Картину бытования укрупненных деталей в творчестве Островского и Достоевского можно было бы значительно расширить, как и обзор других проявлений их типологической близости. Важен, однако, сам факт ее существования. Его признание не только обогащает представление о творческой индивидуальности художников; в нем находит выражение специфика литературного процесса, характер его динамики, не снимающей устойчивости определенных компонентов.
2008
Противоречие как конструктивный фактор в пьесе А. П. Чехова «Вишневый сад»
Люди Чехова, господа, это хотя
и мы, но престранные люди.
Последняя комедия Чехова, едва ли не больше всех остальных его произведений связанная с ощущением собственной ее «исторической минуты», в течение целого века остается открытой для неиссякающего потока театральных и литературоведческих интерпретаций. Безусловно ушло из этого потока (будем надеяться – навсегда) лишь аффектированное социологизирование[279]
. Сегодня «Вишневый сад» звучит в наиболее близком к Чехову ключе: пьеса воспринимается как вереница естественно-непритязательных проявлений человека в качестве родового существа, как цель пронзительных авторских догадок о сущности человеческой природы, тяготеющей к изначальной гармонии[280].Одно из главных художественных открытий комедии– предельная (или, скорее, беспредельная) обыкновенность действующих лиц – тех, кто, в согласии с самой сущностью театра, должен нести в себе некую квоту выделенности – личностный масштаб, превышающий среднеарифметическую норму. Вопреки этому неписаному закону персонажи «Вишневого сада» – просто люди, по преимуществу добрые, а иногда и поражающе равнодушные, жаждущие общения и непоправимо одинокие, простодушные, но в главном закрытые от чужих глаз. Этот примат общечеловеческого начала в пьесе даже снимает типичное для Чехова периода «Трех сестер» противостояние пошлости и подлинного бытия. В «Вишневом саде» все герои (кроме Яши!) в силу своей глубинной привязанности к родовому гнезду Гаевых имеют статус семьи – разноликой, но по сути единой. Их сближает не только общность бытовой ситуации, но и неуловимое подобия «покроя души». Из него вытекает и главный структурный принцип пьесы: в основе почти каждого характера лежит противоречие, в остроте своей граничащее с иррациональностью, но не разрывающее личности. В выявлении этих противоречий, создающих в итоге потрясающую в своей естественности целостность, – одна из целей настоящей работы.

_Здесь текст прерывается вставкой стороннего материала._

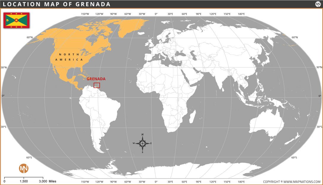 This location map of Grenada shows the country’s position within the Caribbean region on a global world map. Grenada is clearly highlighted, helping viewers understand its geographic placement relative to North America, South America, and surrounding oceans. The map provides a broad spatial perspective, making it useful for educational, geographic, and reference purposes. Its clean layout and clear labeling allow easy identification of Grenada’s location in the southeastern Caribbean Sea.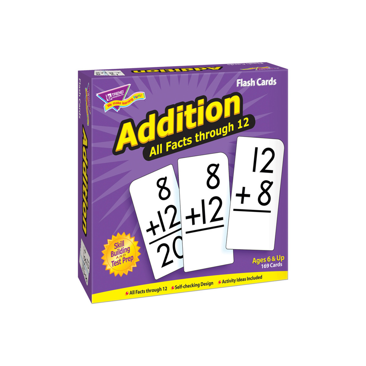 Content-rich math cards do their job, teaching students new skills in a fun way. This educational aid helps students build addition skills. Equations are presented 2 ways to reinforce skills. Complete tables for all numbers 0-12. Self-checking, answers on back. Sturdy cards and storage box. Students will delight in mastering new skills. No-see-through cards with quick-sorting, rounded corners. quick-sorting, rounded corners. Includes 169 cards, 3" x 6". For ages 6 and up.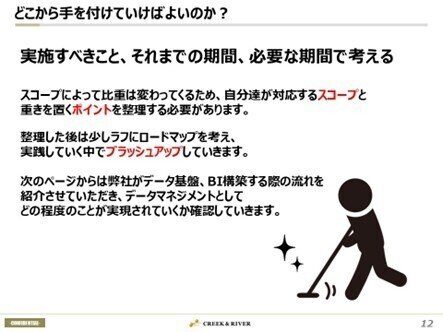 ここまでで知識体系をご理解いただいた上で、では実際に企業でデータを理・活用しようと思った時にどこから手を付けていけばよいのか?実施すべきこと、実施にあたって決めるべきことは?等考え方や進め方の例をここからご紹介していきました。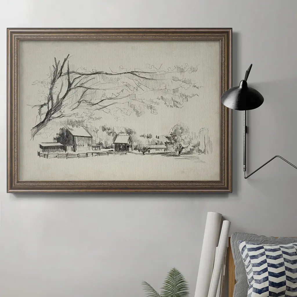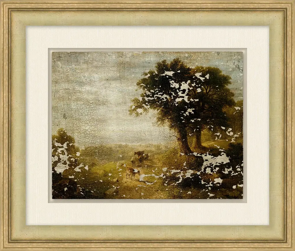 Designed by us and available only at One Kings Lane: An antique print of roaming cows is reproduced here on high-quality matte paper and displayed under glass with a double off-white mat. Beautifully framed, this piece arrives ready to hang.

Думается, подход этого рода, принятый как стержень анализа, не враждебен человеческому видению жизни. Э. А. Полоцкая, определяя характер реализма писателя, точно заметила: «Чеховская поэтика всегда обращена к предмету в целом, но так, что мы чувствуем изломы и разрывы, проходящие через него»[281]

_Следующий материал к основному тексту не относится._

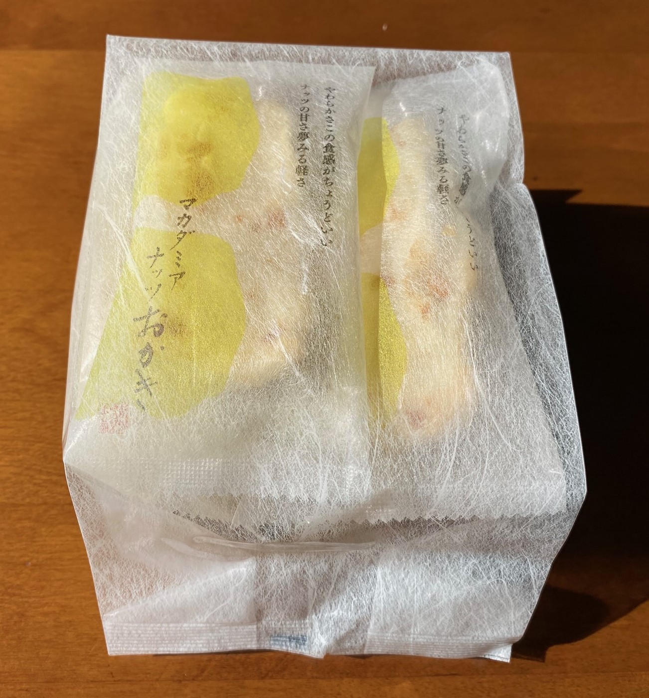 早速袋を開けてみて驚いたのはその大きさです。私の手(16cmくらい)と同じくらいの大きさ、つまり通常のおかきよりもかなりビッグサイズです。この大きさのお菓子にはテンションが上がってしまいます。一口齧ってみると硬さはほとんど感じず、しかし食感はよくサクッと割れました。まさに「軽い食感」という言葉が似合います。噛んだ瞬間からもち米の甘くて香ばしい香りが口の中に広がり、ナッツの香りと食感がアクセントとしてお米の香りを引き立てます。何よりもクセになるのはおかきの塩味です。辛すぎず薄すぎず、もち米とナッツのあまみ・旨みに寄り添うように全体を引き締めてくれます。おやつにもおつまみにもぴったりで、私は今回冷たい緑茶と一緒に味わいましたがほうじ茶、マカダミアナッツとおかきという新しい組み合わせなので紅茶、さらにはおつまみとして日本酒や白ワインなどと合わせるのも良いと思いました。また、このおかきは材料もシンプルでもち米も国産のものなので安心感も特別感も味わえます。

.Итак, попробуем понять, как в «Вишневом саде» строй парадоксов порождает гармонию.
Общеизвестно авторское высказывание о пьесе в письме к О. Л. Книппер от 25 сентября 1903 г. Попытаемся услышать его заново в аспекте нашей темы: «Мне кажется, – сказано здесь, – что в моей пьесе, как она ни скучна, есть что-то новое. Во всей пьесе ни одного выстрела, кстати сказать»[282]

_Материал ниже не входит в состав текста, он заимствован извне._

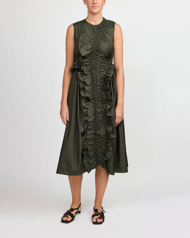 Cecilie Bahnsen Ole Pine Green Dress Denne mørkegrønne kjole har håndlavede smock- og flæsedetaljer. Den kombinerer en tætsiddende overdel med en n...

.«Скучна» – поскольку лишена так называемой интриги, острых коллизий, театральных эффектов (если не считать ими фокусы Шарлотты). Но поэтому она и нова, – таково сплетение качеств, определяющих специфику чеховского драматургического стиля.
Вот, например, как представлено появление Гаева в кульминационной точке третьего акта. Ждут известия о торгах. Авторская ремарка сообщает: «Входит Гаев; в правой руке у него покупки, левой он утирает слезы». Не отвечая на нетерпеливые вопросы Любови Андреевны, Гаев обращается к Фирсу: «Вот возьми… Тут анчоусы, керченские сельди… Я сегодня ничего не ел… Сколько я выстрадал!» Н тут же при звуках и голосах, доносящихся из бильярдной: «У Гаева меняется выражение, он уже не плачет» [239].
Обыденность такой «густоты» – при всей ее психологической истине – уже на грани с невероятным.
В минуты наивысшего напряжения обычное и исключительное в пьесе перестают осознаваться как полярности, проницают друг друга.
«Неподражательная странность» в той или иной мере присуща каждому из персонажей пьесы. Все они – средние люди, выступающие в традиционных общественно-сословных амплуа. Но в каждом кроется своего рода сдвиг, собственная «чудинка». «Моя собака и орехи кушает», – первые слова появляющейся на люди Шарлотты. «Эх ты… недотепа!» – последние – умирающего Фирса.